Earlier last month, the men and women’s teams dominated the Pan American Games, winning almost all its games by more than 10 goals.

USA Water Polo Chief Executive Chris Ramsey credited the impact of Title 9 for making the women’s team so dominant in water polo.

“The women’s team is successful because the NCAA is the best women’s league in the world,” Ramsey said. “More and more women from other countries are trying to get into colleges and play.”

On the men’s side, Ramsey in 2013 hired Dejan Udovicic, who was the former head coach of the Serbian national team.

Udovicic’s first move was to get taller players—usually at least 6’5” and more than 220 pounds, Ramsey said.
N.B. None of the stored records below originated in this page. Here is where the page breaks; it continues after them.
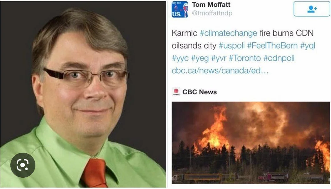 The very least this asshole should get is fired. He should, at the very least, lose one thing that 80,000 people in Fort Mac have lost: their jobs. Their way to earn a living. Their way to take care of their families. Their route to replacing everything that was destroyed. He sees ‘karma’ because of global warming? He, like many people, misunderstand karma. It is inherent. It is intrinsic. It is collective over lifetimes. To Tom Moffat’s logic, the happiest man in Fort Mac whom everyone in town would describe as a ‘good man’ or a ‘pious Christian’ or place your positive description here, deserves to have his life destroyed because he drives a truck full of clean sand back from restoration plant to the reclamation land to be sculpted over the stripped-mined face of the earth. This figurative man, who makes a living turning the earth back into a beautiful landscape that all Canadians desire and appreciate, is guilty as charged for committing global murder: the paramount crime of contributing to climate change.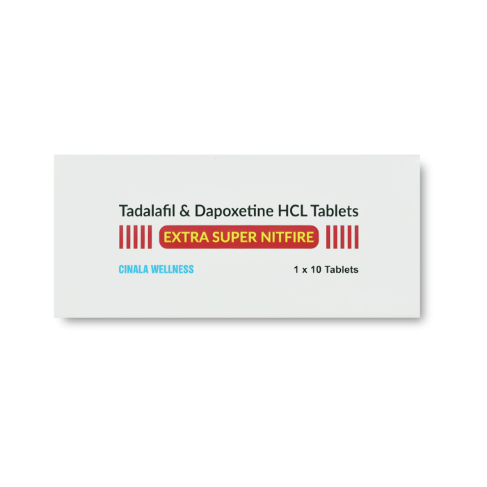 Extra Super Nitfire 100 mg is a dual-action ED pill designed to treat Erectile Dysfunction (ED) and Premature Ejaculation (PE) together. It contains Tadalafil and Dapoxetine as active salts and is manufactured by Cinala Wellness in GMP-certified facilities.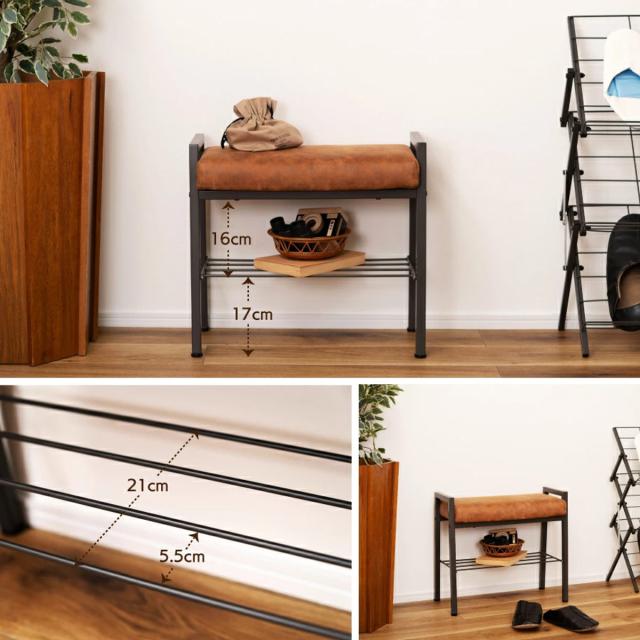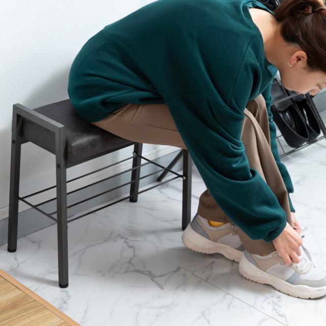 スツールの下部にはスチール素材のシンプルな棚板が付いています。お洒落な雑貨をディスプレイしたり、玄関先で仕様する際はスリッパなどを置いたり、便利とお洒落の両方を楽しめるアイテムです。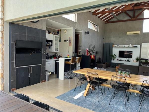 The kitchen, lounge, dining room, bar, patio, pool, braai, lapa and trampoline all form part of a large area where everybody can be together on those fun summer days.

Each member of the starting lineup can swim 100 yards in under 46 seconds.

“Part of what makes our current team quite a threat is that we’re incredibly fast,” he said.
Udovicic also arranged for 22 Americans to play in the professional European leagues where the best players can earn more than 150,000 euros a year. The team’s center, 6’6”, 245-pound Ben Hallock, is currently the starting center for Italy’s Pro Recco, which Ramsey said is the No. 1 team in the world.

“What’s catapulted us is taking these players and placing them in Europe,” Ramsey said.

“They’re playing in pro leagues against the best in the world. Now when we come up against them in international competitions, they’re not afraid of them anymore.”